Cadmos lui jette un regard terrible, un regard qui pourrait bien le tuer. Il ne veut pas l’entendre, car à force de vouloir s’infiltrer à ce point, il en perd le cheminement de ses propres souvenirs, de ses propres pensées. Alexander Weasley ne le sait peut-être pas, mais le son de sa voix résonne en un millier d’échos dans le crâne du Carrow. La migraine qui lui remonte dans le sinus et qui vient cogner dans ses tempes est un supplice, et ce n’est pas la première fois qu’il le vit.
Il y a longtemps, bien longtemps, il a du passé au fil d’une dague une jeune femme qui pensait elle aussi bien trop fort tous les jours à celui qui viendrait un jour la délivrer. Cassiopée avait eu un peu de pitié, elle avait voulu s’en débarrasser car Danaé représentait plus qu’une ennemie, mais une rivale. Elle captivait Cadmos de tout son être, et c’est tous les jours qu’il descendait dans la dépendance qui faisait face au Manoir. Il la retrouvait, et il passait des heures avec elle, des heures trop longues, trop éreintantes.

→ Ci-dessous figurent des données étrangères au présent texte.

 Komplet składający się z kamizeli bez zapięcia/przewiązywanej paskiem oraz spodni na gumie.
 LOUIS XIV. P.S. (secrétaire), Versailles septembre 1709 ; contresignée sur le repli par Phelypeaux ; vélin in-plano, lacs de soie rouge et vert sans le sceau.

Oui Cassiopée sait que toutes ces heures interminables n’ont jamais été du plaisir pour la petite Weasley, mais elle la détestait tellement de se l’accaparer qu’elle lui a tendu le piège le plus mauvais de toute une vie – et de toute une mort, d’ailleurs.
– Ce n'est pas ce que tu voulais, Cadmos ? Que je sois incapable de te sortir de ma tête ?

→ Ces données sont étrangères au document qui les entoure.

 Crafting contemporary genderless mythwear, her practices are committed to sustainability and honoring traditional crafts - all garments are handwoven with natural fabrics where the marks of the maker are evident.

Le regard du Carrow s’allume. Il a l’impression que c’est une déclaration, et il n’en doute pas une seule seconde. Malgré la douleur qui remonte dans sa nuque, il a un sourire, mais c’est un sourire qui a faim, un rictus carnassier et sardonique. Ses doigts tremblent. S’il le touche maintenant, c’est sûr il le tuera, comme il a tué cette nuit-là Danaé dans un soubresaut de colère et de haine.

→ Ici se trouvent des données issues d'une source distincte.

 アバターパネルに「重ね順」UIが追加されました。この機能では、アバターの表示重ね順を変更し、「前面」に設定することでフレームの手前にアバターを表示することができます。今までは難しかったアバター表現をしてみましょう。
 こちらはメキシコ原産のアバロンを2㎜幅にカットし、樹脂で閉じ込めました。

– Ce n'est pas pour ça que tu m'as torturé pendant des semaines ? Que tu as tué ma femme ? Et Benedict ?
Il ignore plus ou moins pourquoi il a fait ça. Pour Danaé, c’était les ordres. Mais Danaé était attachante, ses sentiments doux et bons étaient apaisants. Sa peur et ses pleurs étaient excitants. Elle était un condensé de saveurs pour quelqu’un comme lui qui avait ne serais-ce que du mal à éprouver de la peine. Alors oui, un cœur aussi tendre que le sien, qu’il avait été bon d’y croquer.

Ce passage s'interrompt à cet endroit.